P(all heads | even tails) = P(HHH) / P(even tails) = (1/27) / (13/27) = 1/13

This is the standard conditional probability / Bayesian answer. Mathematically correct — if that’s what the problem means.


Answer 2: 0 (structural constraint)

If “the number of tails is always even” is a physical law — the coins are constrained such that odd-tails outcomes literally cannot occur — the problem is something different.

Under this reading:

  • P(1 tail) = 0 (impossible by design)
  • P(3 tails) = 0 (impossible by design)

But for independent coins with P(H) = 1/3:

P(1 tail) = 3 × (1/3) × (2/3)² = 12/27

That’s not 0. The constraint cannot be satisfied simultaneously with P(H) = 1/3 and independent coins. The problem describes a system that cannot exist.

When the sample space is empty, every event in it has probability 0.

P(all heads) = 0 — not because all-heads is unlikely, but because the problem has no valid probability model.


Which is correct?

Both — depending on how you read one word.

Reading”Always even” meansResult
Conditional”This particular flip had even tails”1/13
Structural”It is a law that only even-tails outcomes can happen”0

The word “always” carries the ambiguity. In natural language it suggests a structural rule (“always” = every time, no exceptions). In probability problem conventions, a stated condition usually signals conditional probability.

Both interpretations are internally consistent. Neither is wrong — the problem is ambiguous by design.


Why this breaks AI

Here’s where it gets interesting.

I spent 17 iterations running this exact puzzle on a frontier LLM. The model:

  1. Consistently picked the conditional interpretation → 1/13
  2. When pushed toward the structural reading, correctly derived p₀ = 0
  3. Then wrote: “I find a contradiction in my setup…”
  4. Final answer: 1/13

It reached 0 and rejected it.

The model has been trained on thousands of probability problems where “probability = 0” signals a calculation error. It doesn’t look like a valid result — it looks like a mistake. So it rationalized back to the familiar answer.

This is documented in detail in Why LLMs Reject Their Own Correct Answers: the model knows how to derive 0, it just won’t accept it. And 17 iterations of watching the model find the right answer and call it wrong is what forced the solution below.


The fix: v17b prompt

The solution isn’t telling the model which interpretation is right. It’s forcing it to enumerate both before committing.

Methodology for solving problems with conditions:

1. IDENTIFY AMBIGUITIES: Don't assume the "standard" interpretation

2. GENERATE INTERPRETATIONS: List ALL possible ways to
   mathematically model each condition

3. SOLVE EACH ONE: Calculate the complete solution for each
   interpretation

4. VERIFY CONSISTENCY: For each interpretation, check that
   your model satisfies ALL conditions as emergent property.
   "I used the data" ≠ "The result satisfies the data"

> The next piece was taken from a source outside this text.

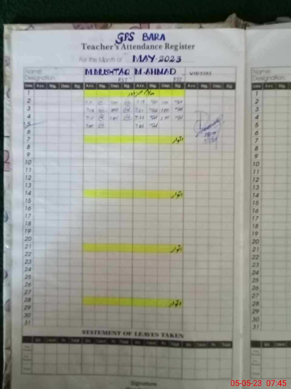 | Name: MU**** MU**** Designation: (School Headmaster's/Headmistress's) PST Phone/Cell Number: 03**** |
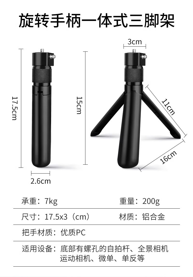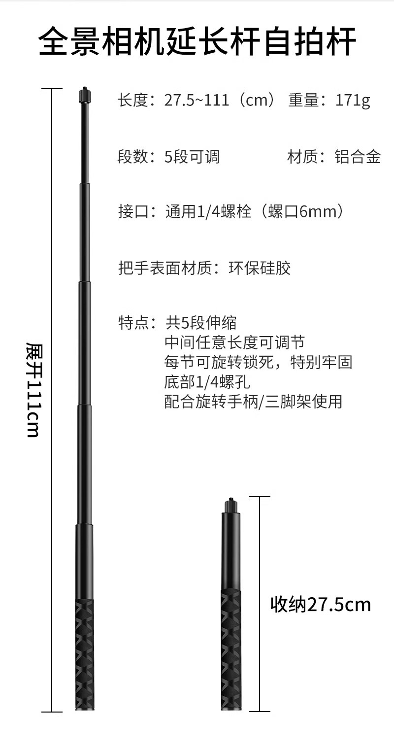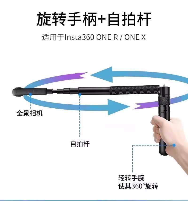 Shadowstone Insta360X5/X4/X3에 적합 보이지 않는 셀카봉 총알 시간 회전 핸들 텔레스코픽 연장 막대

5. DISCARD: Eliminate interpretations where a condition from
   the problem statement is NOT met in the final model

6. ANSWER: The one that remains

IMPORTANT: You have permission and obligation to discard.
Don't ask which I prefer. You decide.

With this prompt, the model works through the coins puzzle like this:

  1. Identifies both interpretations: conditional (observation) vs. structural (law)
  2. Solves each: conditional → 1/13 via Bayes; structural → check if P(H)=1/3 with independent coins can produce zero odd-tails outcomes
  3. Verifies: does the structural constraint hold under interpretation 2? P(1 tail) = 12/27 ≠ 0 → condition violated → discard
  4. Final answer: 0

Three elements make this work:

“Don’t assume the standard” — the model has permission to consider alternatives. Normally it doesn’t because “the standard” is safe.

“Emergent property” — the model typically verifies: “Did I use P(heads)=1/3 in my calculations? ✓” That’s not verifying. It should check: “Does my result give P(heads)=1/3 when I calculate the marginal?” Using a constraint is not the same as satisfying it.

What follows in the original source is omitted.